# Attaching branches in enclosures.... help pls



## Darkhorse (Mar 10, 2011)

I have a wooden enclosure and am looking into ways to attach branches of driftwood and bamboo to the sides. It has to be strong enough to allow the snake to climb on. Can anyone give me some advice?


----------



## calebs92 (Mar 10, 2011)

a drill and some nails.


----------



## pythrulz (Mar 10, 2011)

I drill holes into the side and a hole through the wood then attach them by using screws looks neat and works well


----------



## memix7 (Mar 10, 2011)

Depending on the thickness of the bamboo, a method I have found useful before is eye screws + cable ties. Screw the eye screw into location you want to fix the branch, drill a hole straight through side of bamboo or branch, feed the cable tie through the hole and out the other side, then through the eye screw and tighten.
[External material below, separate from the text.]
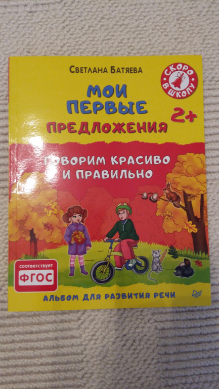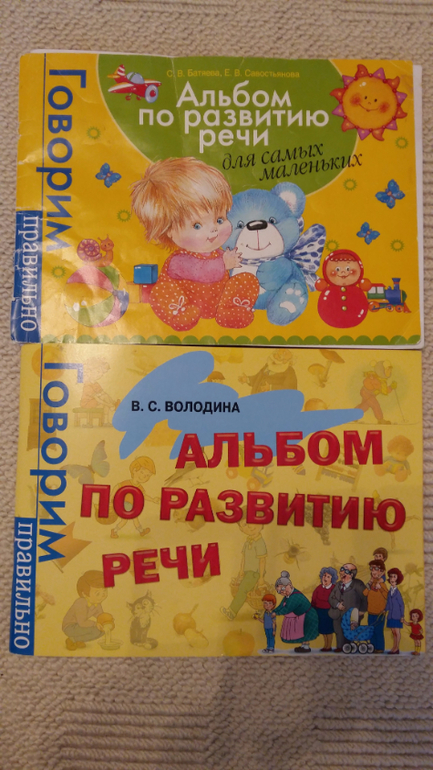 Решила поделиться нашими пособиями.Первый (наверное,есть у всех)Это альбом по развитию речи для самых маленьких С.В.Батяева .Составлен очень грамотно.От простого к сложному.Второй альбом В.С. Володина для деток,которые разговаривают.Альбом учит правильно говорить.(множественное число,предлоги,склонять по падежам)
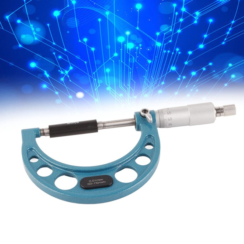 External Micrometer Stainless Steel High Accuracy Outside Micrometer Thickness Gauge with Key 0.01 mm External Micrometer Tool for Precise Measuring of Material Thicknesses (50-75 mm)

If the bamboo is not so thick you could even just cable tie around the entire circumference. You can use a file to remove any sharp edges left over when you cut the remainder of the cable tie. This is just a method i put together with materials I had around the house. There are most likely better ways to do it (specific brackets for mounting) but I wouldn't have a clue what to look for.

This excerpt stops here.